17 min read

How Friendship Differs Across Cultures

How Friendship Differs Across Cultures
Photo by Hannah Busing / Unsplash

  • Do friends come and go?
  • Do friends need to pay you back with gifts?
  • Are friends required to provide advice and practical support? 
  • How many friends do you have?
  • Who do you share your life’s story with?
  • Is it possible to live a life without enemies? 
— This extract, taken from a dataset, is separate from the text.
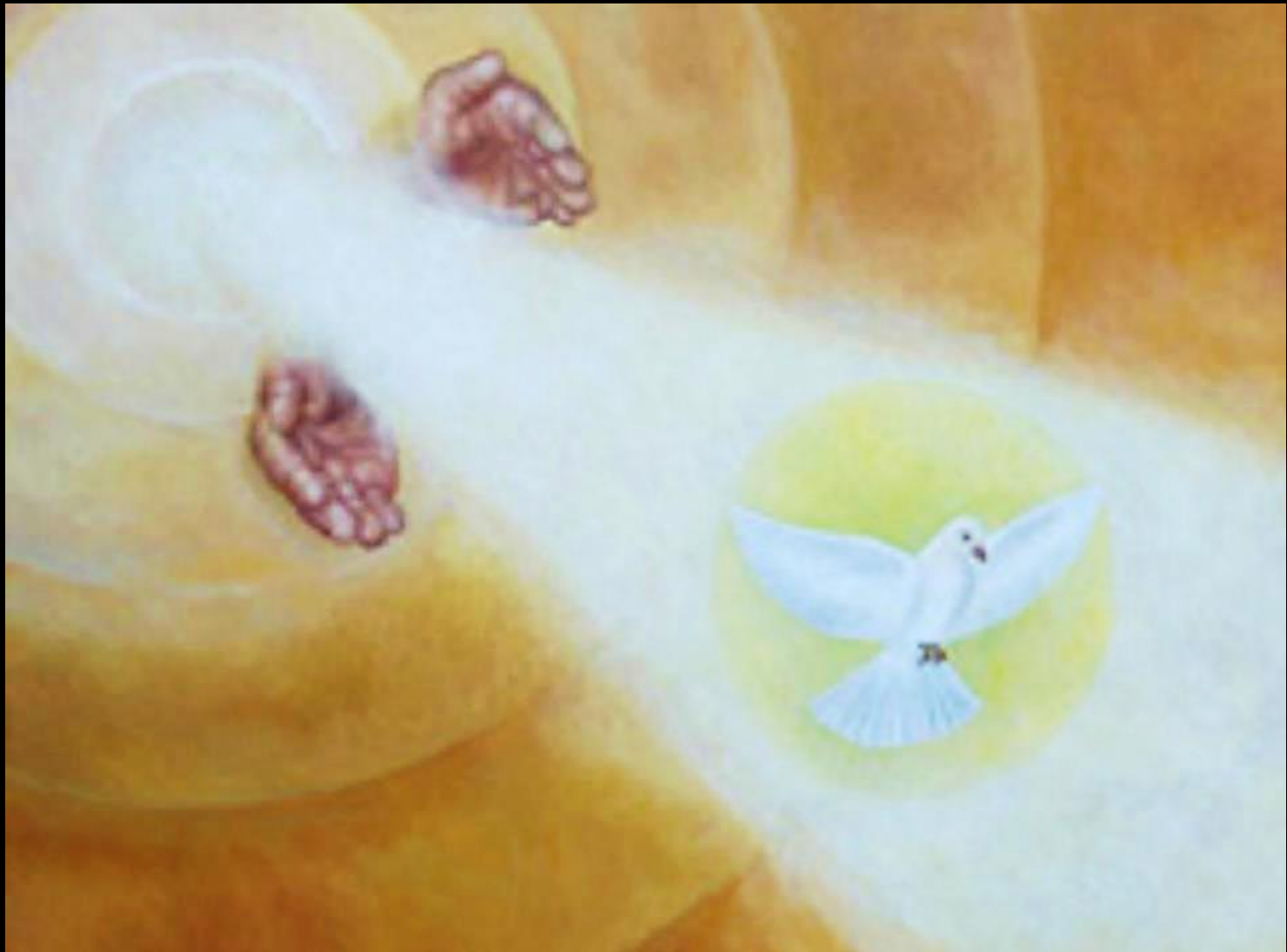
Church of the Holy Trinity, Caacupe, Paraguay
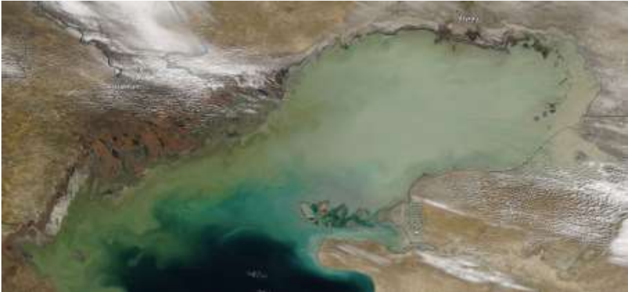
Fig.1 Space images of the Caspian Sea, 07 March, 2022

You might think it depends on the level of friendship. A good friend will pay for your food, whereas a best friend will eat your food. A good friend will stop you from doing something stupid, but a best friend will do it with you. And so on.

But reactions to these jokes and answers depend on culture. Yes, friendships are universal, but the ways they form and function are not.

Universally, friendships positively impact health (mental and physical) and can give you a sense of purpose and control over one’s life.1 However, friend networks can also increase the chances of substance abuse, smoking, and obesity.2

These findings make sense. My friends are why I’ve climbed higher mountains, questioned more beliefs, made it through heartache, forgotten too many nights, woken up in strangers’ basements (yes, plural), and ended up in different cities by accident.

… But let’s continue with what’s universal.

No matter the culture, most of us are subject to the mere exposure effect (we like people we see more often). People tend to be attracted to those similar to them (socioeconomic background, religion, interests, personality, and so on). Plus, attractive people have an easier time making friends.5 Of course, there are individual exceptions, but these findings are true across cultures.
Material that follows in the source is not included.